Compare your take-home pay inside vs outside IR35. See the real financial cost of your employment status determination.
| Item | Inside IR35 | Outside IR35 |
|---|
IR35 (off-payroll working rules) determines whether a contractor working through a limited company should be treated as an employee for tax purposes. If inside IR35, you pay broadly the same tax as an employee. If outside, you can take dividends more tax-efficiently.
Since April 2021, medium and large private sector companies determine IR35 status. Small companies leave the decision to the contractor.
📌 Rates sourced from IR35 off-payroll working rules — verified for the 2026/27 tax year.
IR35 (the off-payroll working rules) is UK tax legislation designed to ensure contractors who work like employees pay broadly the same tax as employees. If a contract is deemed "inside IR35", the contractor's company must calculate and pay PAYE tax and National Insurance on the income as if it were employment income.

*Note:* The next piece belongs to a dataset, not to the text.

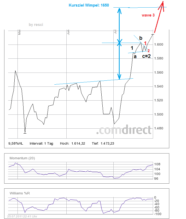 Welle 1 (schwarz) des ersten Pulses ist abgeschlossen, a-b-c Korrektur als überschießender Test ebenso. Darauf folgt eine Ausdehnung in der Welle 1 und 2 (rot) bereits abgeschlossen sind. Aktuell befinden wir uns in der dritten Welle die uns mindestens bis 1650 bringen sollte (Kursziel einer Wimpelformation), wahrscheinlich aber noch wesentlich höher.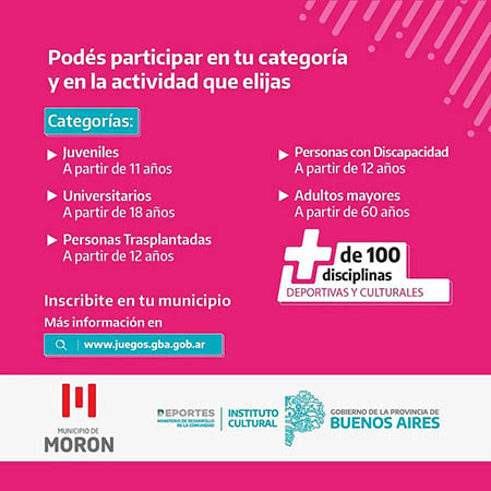 El Municipio local convoca a todos los y las moronenses a formar parte de la 32º edición del torneo más importante de la Provincia, que incluye competencias deportivas y culturales. Las vecinas y los vecinos interesados tienen tiempo de inscribirse hasta fines de abril.

Inside IR35, you lose the ability to pay yourself via low salary plus dividends. Your deemed employment income is taxed via PAYE (income tax at 20%/40%/45% plus employee NI at 8%/2%). The company also pays employer NI at 15% on the income above £5,000. This typically costs contractors £10,000–£20,000+ per year depending on contract rate.
For public sector and large/medium private sector clients, the end client (or their agency) decides your IR35 status — not you. Small private sector companies (fewer than 50 employees, turnover under £10.2m, balance sheet under £5.1m) are exempt and the contractor's own company makes the determination.
Inside IR35, allowable expenses are very restricted. You can claim travel to temporary workplaces, professional subscriptions, and equipment not provided by the client. The 5% expenses allowance for running a PSC was abolished for public sector workers in 2017 and private sector in 2021.